There is not the slightest constitutional pretext for deferring enforcement of unworkable provisions of the Affordable Care Act. By all accounts it is reasonable policy to do so. But the constitutional precedent is profoundly troubling. Congress’ craven capitulation to it is even more so.
No one has noticed in the present case because Congress and the President seem generally to agree on this course. Republicans do not want the law enforced at all, and most Democrats appear to concur in President Obama’s conclusion that more time is needed before certain parts of it should be enforced.
Ceding all these points, the question remains: On what conceivable constitutional ground can a president merely announce, by fiat, that provisions of a duly enacted statute will be deferred—not on the pretext of a constitutional dispute, on which basis presidents have been known to decline to enforce laws, but simply for reasons of policy?
That President Obama signed the law in question is not the point; in fact, it obscures it. The danger inheres in a future conflict between Congress and the President, as, for example, when Congress attempted—lamely—to restrain the Bush Administration from torturing suspected terrorists. Suppose, rather than issuing a signing statement announcing his intent not to follow the law for constitutional reasons—in the face of which, by the way, Congress was also pathetically compliant—Bush had instead acknowledged it but deferred enforcement because it was “unworkable”?
Or take a future example: Congress—this is pure fantasy, but such is the blogger’s prerogative—by statute orders the closure of the prison facility at Guantanamo Bay. The president signs rather than vetoes the bill but subsequently announces it is impractical and that he or she will consequently follow it when he or she believes it prudent to do so.
That arrangement would render Congress superfluous, a merely recommendatory body—which is, not incidentally, the posture to which the legislature has allowed itself to be reduced. With the exception of the occasional Rand Paul, Congress has been silent. Republicans have seized on the delays to call for repeal of the entire law—evidently oblivious to the thumb being stuck, meanwhile, in their constitutional eyes.

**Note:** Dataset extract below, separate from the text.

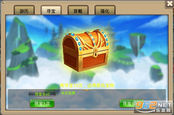 4、寻宝:分寻宝1次和寻宝10次,寻宝会消耗寻宝令,或者可以消耗250元宝,而且每48个小时会免费给玩家寻宝一次,寻宝10次后必得紫色宝物。寻宝10次是方便玩家多次寻宝,快速找到自己需要神兵和法宝

Congress’ failure to use the constitutional tools at its disposal to protect its institutional interests marks the single greatest departure from the constitutional regime delineated in The Federalist. Presidents share this blame, but legislators shoulder it. They have been parties to their own defenestration, substituting their personal interest in re-election—or, at the most charitable, in ideological outcomes—for the institutional self-defense in which Publius assumes they will engage. No president acts this way. If Congress presumed, for example, to tell the president whom to nominate to the Cabinet or where to send the Third Fleet, he would not go along with the pretended authority simply because he agreed with how it was exercised in that case.
There are myriad reasons for the difference, the foremost being that the interests of the man and the constitutional rights of the place are, in the case of the president, one and the same, whereas they are—for 535 members of Congress—diffuse. But for Congress to be this flaccidly compliant in the face of this flagrant a challenge betrays the oath its members take, which is not to good policy but rather to the Constitution.
That the Constitution is at stake is evident in the fact that this incident will be remembered approvingly in a future case of conflict between the executive and legislature. The precedent it creates places the executive totally beyond the reach of law. This is the predictable inward turn of the unitary executive theory. Those who thought it could be constrained to the war on terror were either historically deluded or willfully ignorant of what Publius calls the “encroaching nature” of power.
Woodrow Wilson would detect an upside: streamlining government by simply depositing all powers in the president’s hands. But if we are going to render Congress superfluous, we might as well save something in the bargain. The institutional operating costs of Capitol Hill last year approached $5 billion. Those savings would be a small down payment on the deficit. Of course, the constitutional costs—concentration of all powers in a single hand, “the very definition,” Publius teaches, “of tyranny”—would be far higher. But nobody seems to be counting those.